No sophisticated cost-benefit analysis is required to conclude that purchasing grain would bankrupt my venture.   Foraging off-sets, but does not solve the cost problem.

 

Left-overs from Camp Ramapo’s kitchens are my salvation.  Each evening I arrive at the loading dock with five gallon buckets. The staff fills them to the brim with hot and cold foods that were prepared but not distributed.  Besides the astonishing quantity of food waste, these kitchen offerings provide valuable insights into the food preferences of children and animals.

 

But first a word about the camp:

 

Each summer several hundred troubled children are transported from the inner city to the Ramapo Camp property which is next to my own.

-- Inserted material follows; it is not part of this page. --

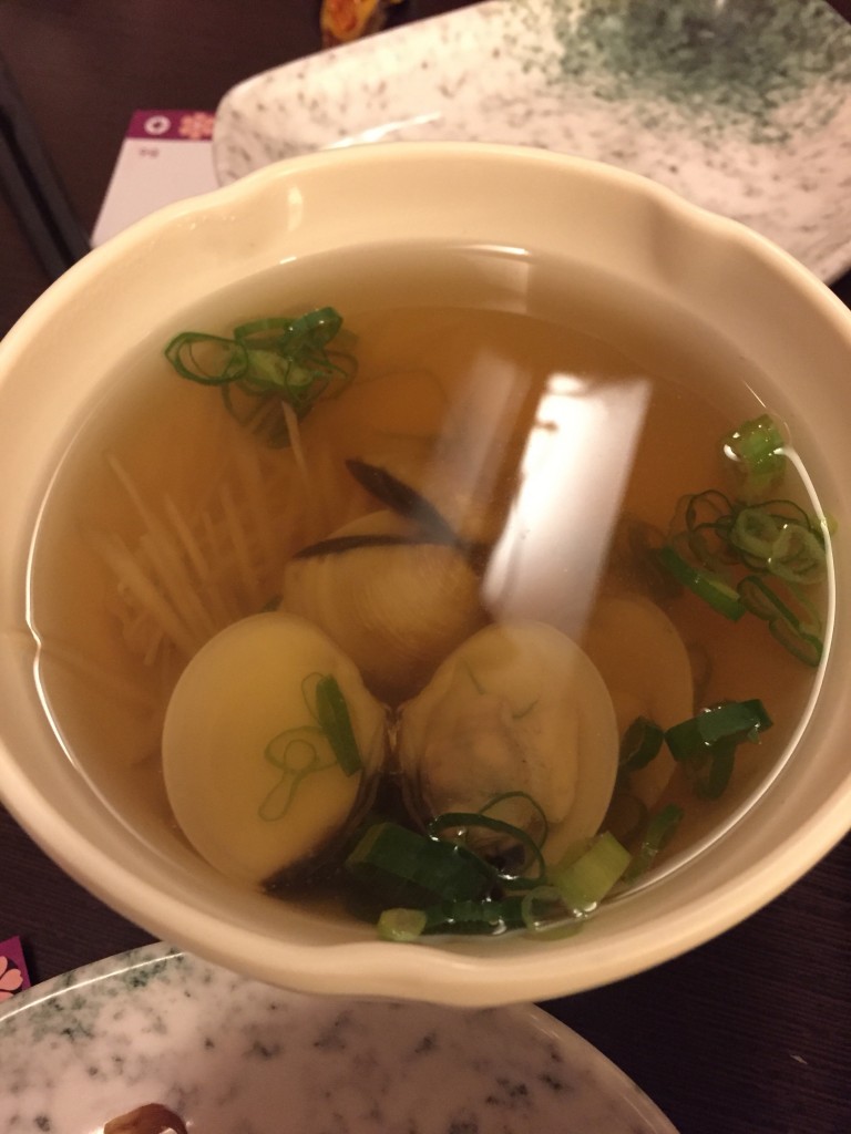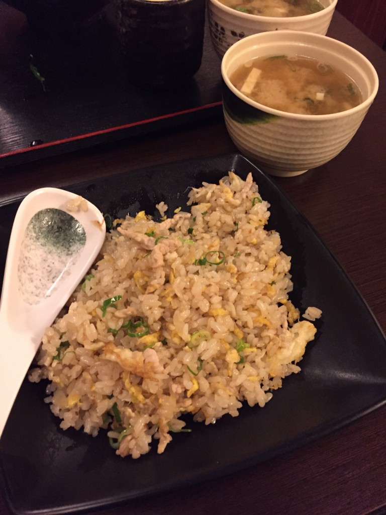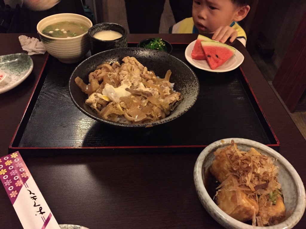 我們點了親子丼、肉絲炒飯、揚出豆腐及蛤蜊湯,還蠻好吃的,哈弟不知道是沒睡飽還怎樣,有點歡Orz

The camp provides the children with alternatives to the urban blight and debilitating clamor of urban living, believing that alternatives to familiar experiences of home will refresh their spirits, clear their minds, heal their anxieties, and restore their bodies.   

 

Lessons from Ramapo kitchen: Children demand precisely the foods my animals reject.

 

Evidently the children resisted including food in the new experiences they were offered. I know this because the fresh fruits and veggies, whole grains, and broiled meats that were served in the beginning of the season were gradually replaced by industrially manufactured nuggets, fries, and patties. As the foods that resembled their original forms disappeared, foods that were bleached, colored, reconstituted, and molded into geometric standardization appeared.  It seems the kitchen staff succumbed to 6 – 15 year olds' preferences.

 

The pleasure of my animals' dining experiences proceeded in the reverse direction. They gulped down the fresh foods and they refused to eat hot dogs, curly fries, chicken nuggets. It is as if they don’t recognize these substances as food.

 

May I tell you a third astonishing insight? Even my compost rejects these items! 

 

If it is deep friend and battered, like onion rings, it remains for weeks undecomposed, resisting the assault of huge populations of bacteria and insects voraciously chomping and digesting all the other organic offerings. 

 

These preferences reveal the inherent good sense of organisms that are immune to the appeal of advertisers and the influence of marketers. At the same time they confirm the power of culture to divert people from their body’s built-in messaging systems. Complex humanity might take a lesson might take a lesson from a big dumb pig and tiny bacteria - they  know what's good for them.